Los impuestos que pagamos son productos de nuestro trabajo honrado, esfuerzo y sacrificio personal, y esa extracción estatal requiere, al menos, de una reflexión crítica sobre si se utilizan de la mejor manera —con criterios de accountability—. También merece la pena analizar la eficacia y eficiencia del gasto y de las instituciones que prestan los servicios públicos. Analicemos algunos de ellos.
Impuesto de circulación
Si usted tiene un vehículo a motor deberá pagar anualmente una determinada cantidad en función del modelo y la clase de vehículo que tenga. Aparentemente hay una lógica detrás de ello: si el Estado debe invertir en carreteras, es natural que quienes las utilizan —es decir, los que se transportan— paguen un impuesto que permita construir, mantener y ampliar la red vial adecuada. Hasta ahí es difícil rebatir la idea. No obstante, observe que si su vehículo es nuevo pagará mucho más que si tiene diez o doce años ¿Se ha preguntado la razón de ello?

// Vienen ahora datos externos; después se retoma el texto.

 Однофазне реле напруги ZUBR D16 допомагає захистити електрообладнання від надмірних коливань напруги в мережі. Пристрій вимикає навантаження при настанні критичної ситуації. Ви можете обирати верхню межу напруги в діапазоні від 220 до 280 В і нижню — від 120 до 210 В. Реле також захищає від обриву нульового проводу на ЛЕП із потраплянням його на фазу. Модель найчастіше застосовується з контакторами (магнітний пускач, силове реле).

En todo caso, quien más contamina —los vehículos que tienen más años y no los recién adquiridos— cuenta con una probabilidad más alta de generar accidentes por desperfectos y aumenta el riesgo durante la conducción. El pago debería ser justamente a la inversa, debería penalizar más a quien más riesgos y vulnerabilidades presenta y, sin embargo, es al revés. Esto no representa sino el castigo al éxito, a la propiedad y a la innovación. El Estado penaliza a quien pide un crédito para cambiar de vehículo y adquiere uno nuevo con cierto sacrificio y premia a aquel que sigue utilizando uno que genera alto riesgo y contamina más. ¡Todo un contrasentido!

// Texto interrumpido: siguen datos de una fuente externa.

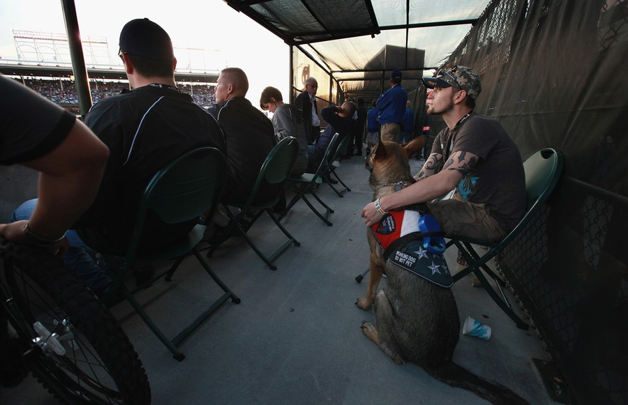 Read moreBrad Schwarz, with his service dog Panzer, attends a Chicago Cubs game with a group of veterans from the Wounded Warrior Project at Wrigley Field in Chicago, Illinois, on June 14, 2012. Schwarz uses Panzer to help him cope with post-traumatic stress disorder (PTSD) issues related to his 2008 tour in Iraq. In addition to suffering from PTSD Schwarz has memory loss related to Traumatic Brain Injury (TBI) and he must walk with a cane because of vertebrae and nerve damage in his back and legs. Ten days before he was scheduled to rotate home from a 15-month deployment in Iraq, his second, the Humvee in which he was riding was struck by an IED. Of the 5 soldiers riding in the vehicle, which caught fire after the explosion, Schwarz was the only one to survive. #

Impuesto sobre la renta de las personas
“Quien más gana —o tiene— más debe pagar” es un principio asumido por la mayoría de la sociedad sin que se proteste mucho por ello. Es “naturalmente” percibido que el rico, el exitoso y el poderoso pague más porque tiene más y “le sobra”, cosa que no ocurre con aquellos menos agraciados. El principal problema estriba en que ese concepto de “quien más tiene” es arbitrariamente fijado por el político de turno que conoce el número de integrantes de cada grupo social y los ingresos de que dispone. De esa cuenta, basta con hacer una línea imaginaria a partir de la cual el valor del posible voto es marginal y prestarle atención a cautivar al resto de que los votantes a quienes liberará —con promesas y acciones— de la presión del incremento impositivo, mientras lo cargará a otros.
Cuando se fija un porcentaje sobre los ingresos —ejemplo, 10%—, es evidente que quien más gana más paga, puesto que el mismo porcentaje de una cantidad mayor es más grande que el de una menor. Desde ahí hay una concepción discutible e incluso errónea porque los servicios que el Estado presta a sus ciudadanos son idénticos para todos y no tiene lógica que, por ejemplo, unos disfruten el aeropuerto a menor precio que otros, cuando los dos viajan y hacen igual uso de dichas instalaciones, u otros servicios: seguridad, ley y orden, justicia, etc. De hecho, no hay actividad en la que se intercambien bienes y servicios —salvo las que planifica, coordina, dirige o norman los gobiernos— que sean pagadas más por unos que por otros. Si una persona llega a adquirir un billete de avión o a comprar un refresco, el proveedor no le preguntará por su salario, el número de hijos que tiene o la edad, sencillamente, le aplicará la tarifa general y universal. Extienda esa explicación a quien adquiere una vivienda, paga su teléfono, compra unos muebles para la casa o hace el super. Si la situación natural, normal y mayoritaria es esa relación de igualdad en el trato, ¿por qué aquellas en las que el Estado participa se hacen de forma desequilibrada, diferente y sesgada? La respuesta es muy simple: se castiga a quien más tiene porque en una pirámide de ingresos ese grupo es marginal respecto al de una mayoría que puede votar por gobernantes que promueven tales barbaridades. Se ha confundido democracia con la posibilidad de vulnerar derechos de las personas y eso es realmente muy grave porque en otro momento, y siguiente idéntica lógica, se pueden vulnerar otros derechos, como de hecho ocurre.
En definitiva, el que gana más paga más de muchas formas diferentes. No solo porque la cifra obtenida de calcular el porcentaje de una cantidad mayor es también mayor, sino porque el porcentaje que se le requiere también es superior. Se le penaliza, por lo tanto, doblemente. ¿La solución? Quizá sea promover los impuestos indirectos de forma que quien más consuma pague más. Al final, queda al libre albedrío de cada quien cómo gasta su dinero en aquello que satisfaga mejor sus intereses o necesidades.